Pointed at, but didn’t deliver. Through no fault of the special effects artists involved. I’m sure no expense was spared in depicting every scale and twitch of muscle. But if the monsters are in service of a story that is for lack of a kinder word, dull, then there’s no helping it. If you want to write a story about human futility, then goddammit go for the throat. Don’t chicken out because it’s going to kill the box office. If you’re serving up the end of the world, then let’s see it. Let’s live it through the characters. Prove it. Armageddons are easy these days. It just doesn’t have that thrill anymore. Needs a stronger kick.
So no, GODZILLA wasn’t a good movie. There were the makings for it, but it didn’t gel.
However, it showed us some new things. One of GODZILLA’s great successes was working with scale, at least in relation to raw size of humans to kaiju. There was a true sense of the titanic, beyond overcranked cameras and collapsing buildings. This is a hard thing to pull off, harder than you’d think without just doing the same old thing over and over.
And as said before, it’s beautiful in places, and honestly wasn’t as disaster-tastic as I was afraid it’d be from the trailers. But I’m not sure the creators of the film could find a unified vision of what they wanted it to be. Is Godzilla a villain? No. Is he the hero? I guess? As much as a tornado can be one. Are humans chumps? Sorta. Do they band together to pull victory from the jaws of defeat? Hell no. Where is the movie that was being shown in the trailer?

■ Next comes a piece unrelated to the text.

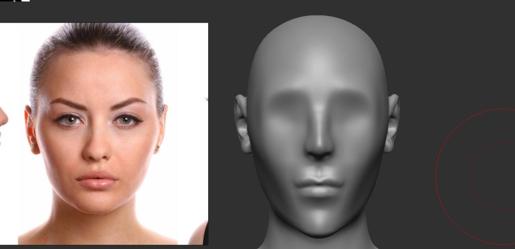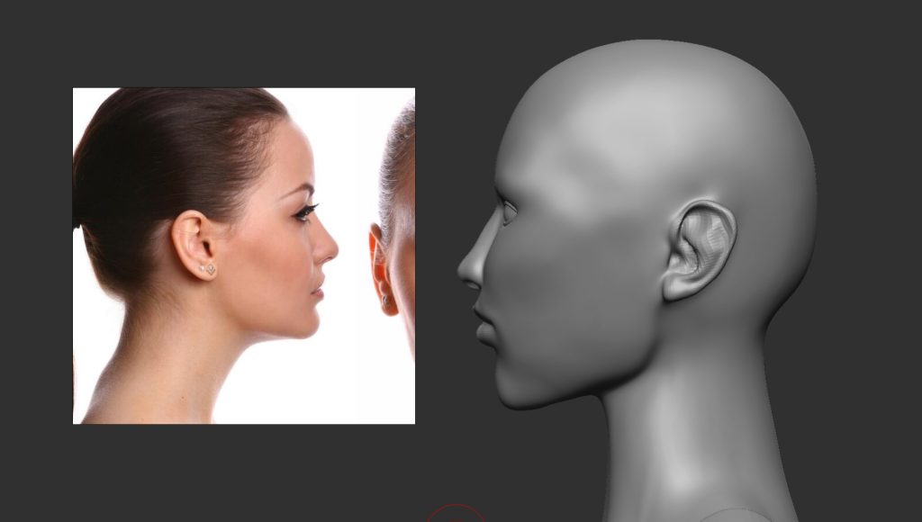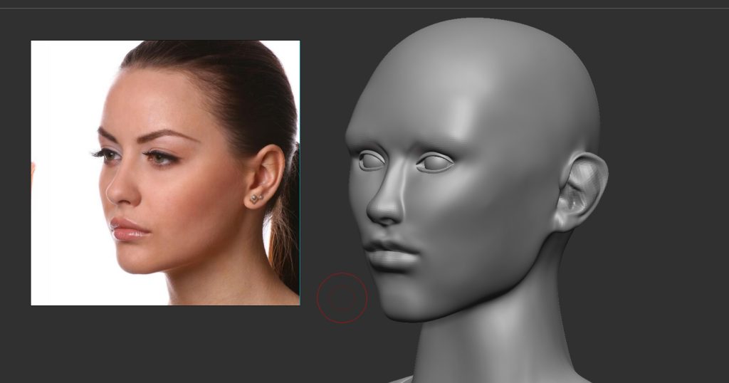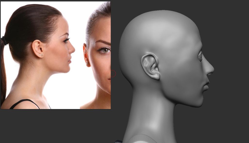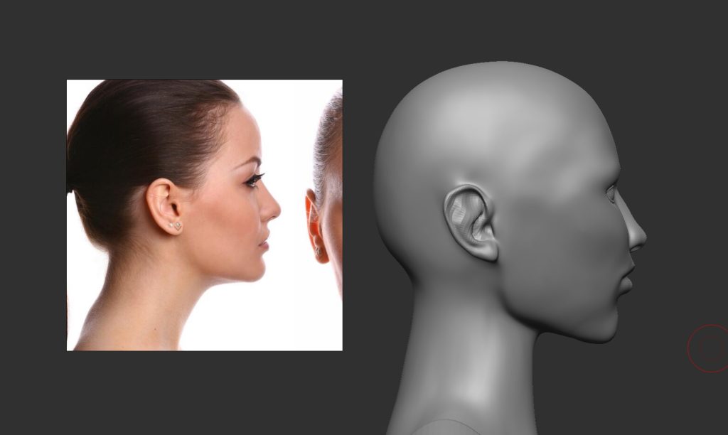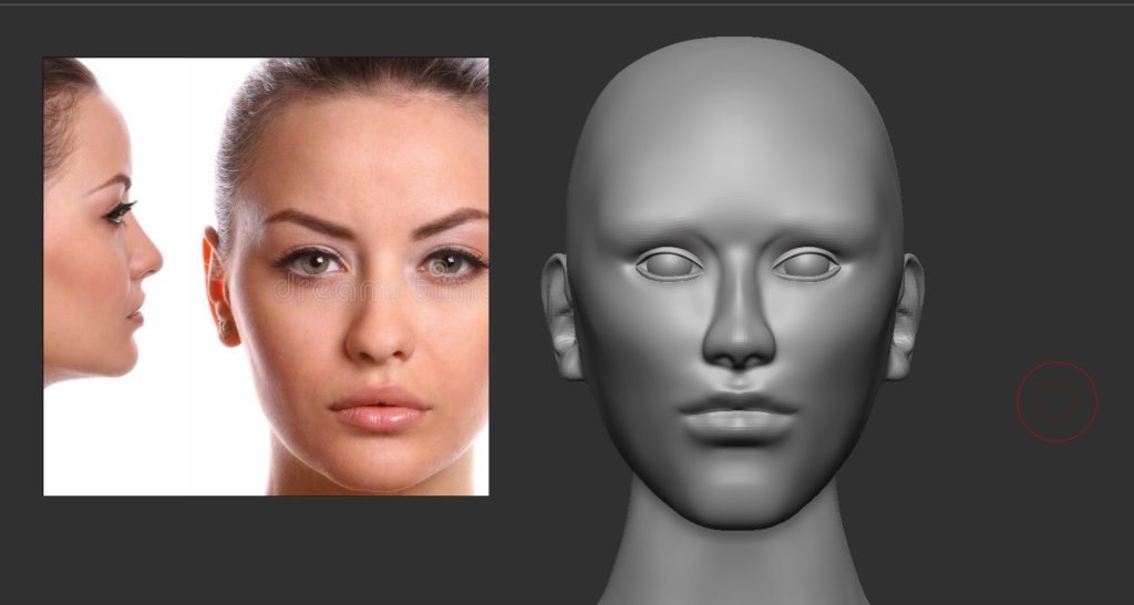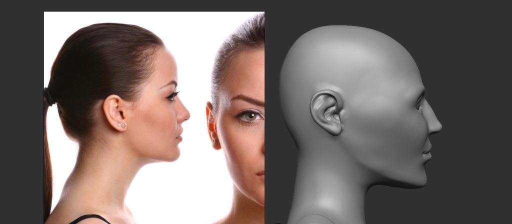 The face was the next thing i needed to do. This is something I have only ever tried once and that was during second year which went horribly. So this time i have done lots of research into methods for creating and blocking out the initial shape of the face and how reference image are a huge factor, so I first picked out a selection of front, side pictures of a female face which helped me build from my blocked out features.

Beats me.
I dunno. It’s a frustrating movie. There’s a lot of potential to work with, but to do that, you have to embrace the story that you’re trying to tell, and the story here is that there’s a monster and he fights some other monsters and people are just in the way and on screen for far too much, not doing enough to justify their presences there.
Indifference. The ultimate insult hurled back.